2. The method as in claim 1, wherein said device counter values
along with said time-stamp are stored in a database as one of at
least one set of time-stamped device counter values.
3. The method as in claim 2, wherein an old set of said at least
one set of time-stamped device counter values is removed from said
database when said database grows beyond a limit.
4. The method as in claim 2, wherein said database can provide a
set of device counter values, of said at least one set of
time-stamped device counter values, the set of device counter
values corresponding to a specified time-stamp, to said network
statistics server when said network statistics server requests with
said specified time-stamp.
5. The method as in claim 2, wherein said database can provide
statistics derived from said at least one set of time-stamped
device counter values to said network statistics server.
6. The method as in claim 2, wherein said database is on said
network statistics server.
7. The method as in claim 1, wherein said reading device counter
values at a specified time comprises: reading a first set of said
device counter values before said specified time; reading a second
set of said device counter values after said specified time; and
interpolating said device counter values of said specified time
based on said first set of said device counter values and said
second set of said device counter values.
8. The method as in claim 1, and further comprising enabling said
network statistics server to specify from which device counters to
read said device counter values.
9. The method as in claim 1, wherein said time-stamp exactly
represents said specified time.
10. The method as in claim 1, wherein said time-stamp represents an
actual time of reading said device counter values at said specified
time.
11. The method as in claim 1, wherein said time source is said
network statistics server.
12. A method for collecting a snapshot of counter values on a
plurality of network devices, the method implemented on a network
statistics server, the method comprising: synchronizing a clock to
a time source to which said plurality of network devices
synchronize their clocks; causing each of said plurality of network
devices to read device counter values at a specified time with
reference to said clock, the device counter values being
time-stamped with a time-stamp, wherein said time-stamp is related
to said specified time; and causing said each of said plurality of
network devices to provide said device counter values.

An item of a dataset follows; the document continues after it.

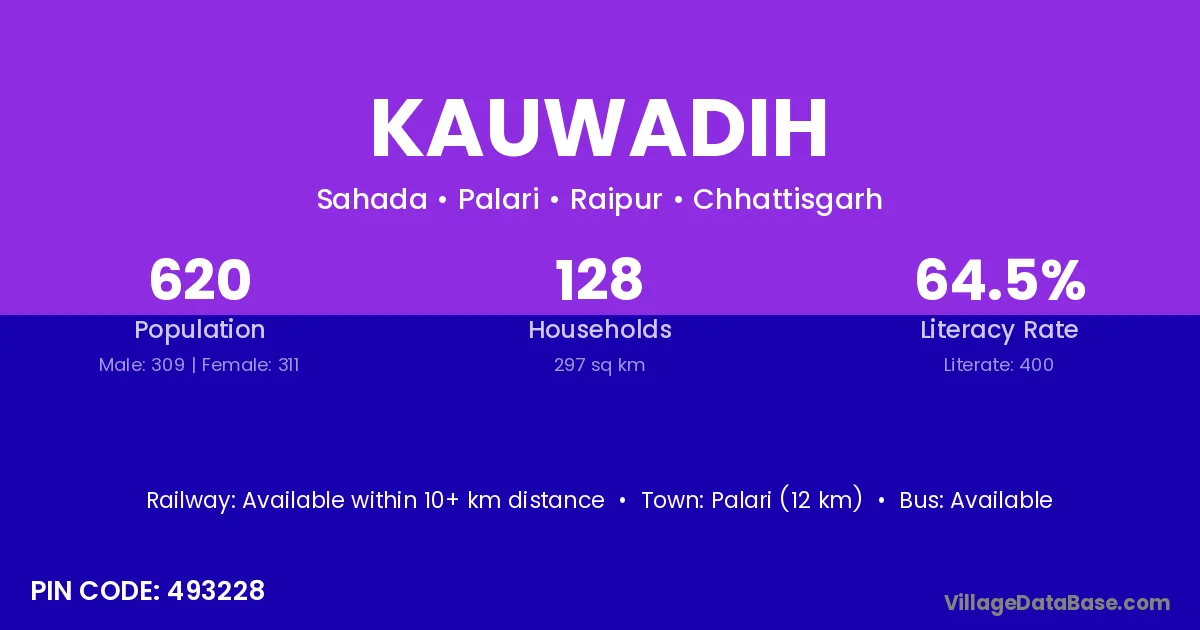 Kauwadih village has a total population of 1,204 people, of which 621 are males and 583 are females.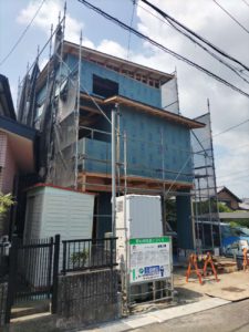 大雨と猛暑 2023.08.24建設部河野 最近の天気にはもうウンザリ。 台風・豪雨が続いたと思えば、連日の猛暑。 楠新田3期も影響を受けました。 夏季休暇前の上棟予定でしたが、台風の急激な進路変更のため、休暇明けに延期。 ようやく上棟を迎えましたが、この連日の暑さで作業効率もややダウン。 熱中症には、十二分に注意したいものです。

13. The method as in claim 12, wherein said each of said plurality
of network devices stores said device counter values along with
said time-stamp in a database as one of at least one set of
time-stamped device counter values.
14. The method as in claim 13, wherein an old set of said at least
one set of time-stamped device counter values is removed from said
database when said database grows beyond a limit.
15. The method as in claim 13, wherein said database can provide a
set of device counter values, of said at least one set of
time-stamped device counter values, the set of device counter
values corresponding to a specified time-stamp, to said network
statistics server when said network statistics server requests with
said specified time-stamp.
16. The method as in claim 13, wherein said database can provide
statistics derived from said at least one set of time-stamped
device counter values to said network statistics server.
17. The method as in claim 13, wherein said database is on said
network statistics server.
18. The method as in claim 12, wherein a network device, of said
plurality of network devices, may provide said device counter
values of said specified time using steps comprising: reading a
first set of said device counter values before said specified time;
reading a second set of said device counter values after said
specified time; and interpolating said device counter values of
said specified time based on said first set of said device counter
values and said second set of said device counter values.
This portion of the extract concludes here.